Xiaoqin Hua v Braemar Presbyterian Care (C2014/8119)  FWCFB 396. JUSTICE ROSS, PRESIDENT, VICE PRESIDENT HATCHER, COMMISSIONER CARGILL.
The above matter was appealed. I have examined this FB decision in the context of what is needed to mount a successful appeal. In the case cited, this FB went against the applicant because the “public interest not enlivened”.
In this decision the FB considered the following:
Section 400(1) (of the FWA) provides that permission to appeal must not be granted from such a decision unless the Commission considers that it is in the public interest to do so.
Appeals on a question of fact may only be made on the ground that the decision involved a “significant error of fact”
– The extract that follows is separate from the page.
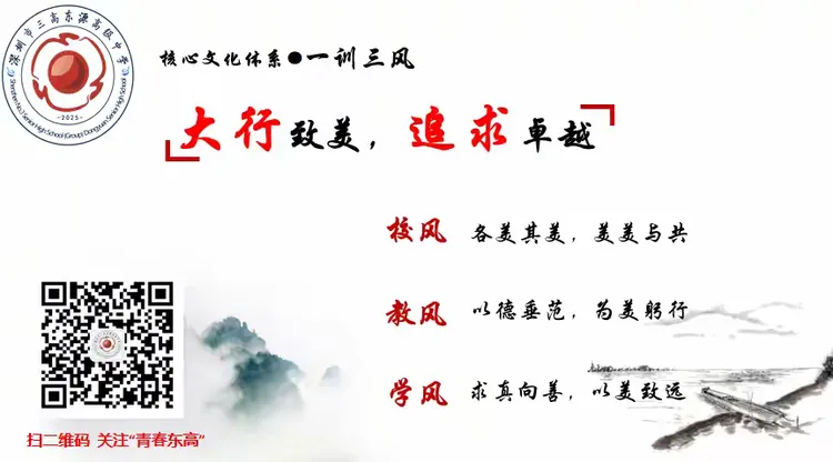 领导寄语,共期美好未来:刘瑞清校长代表深圳市三高东源高级中学对深三高的热情接待表示衷心感谢。刘校长指出,深三高在课程体系构建与校园文化建设方面的先进经验非常值得我校借鉴,希望我校能以此为契机,进一步加强沟通,深化帮扶合作,将今天学到的宝贵经验带回东源,落实到我校的教育教学改革中。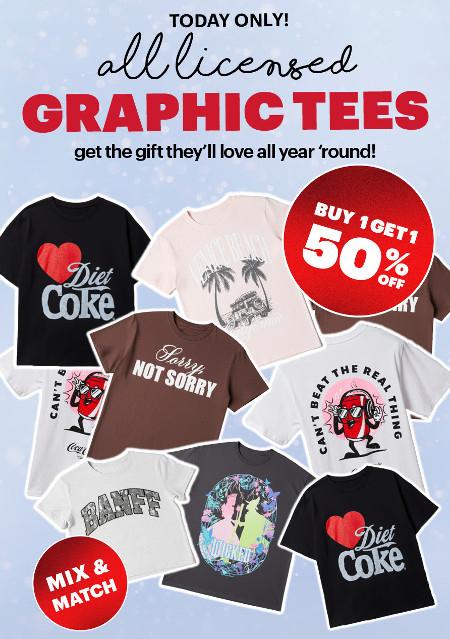 Today only! Shop in store and get all licensed graphic tees for buy 1, get 1 50% off.

The task of assessing whether the public interest test is met is a discretionary one involving a broad value judgment. In GlaxoSmithKline Australia Pty Ltd v Makin a Full Bench of the Commission identified some of the considerations that may attract the public interest:
“… the public interest might be attracted where a matter raises issues of importance and general application, or where there is a diversity of decisions at first instance so that guidance from an appellate court is required, or where the decision at first instance manifests an injustice, or the result is counter intuitive, or that the legal principles applied appear disharmonious when compared with other recent decisions dealing with similar matters.”
It will rarely be appropriate to grant permission to appeal unless an arguable case of appealable error is demonstrated. This is so because an appeal cannot succeed in the absence of appealable error.
However, the fact that the Member at first instance made an error is not necessarily a sufficient basis for the grant of permission to appeal.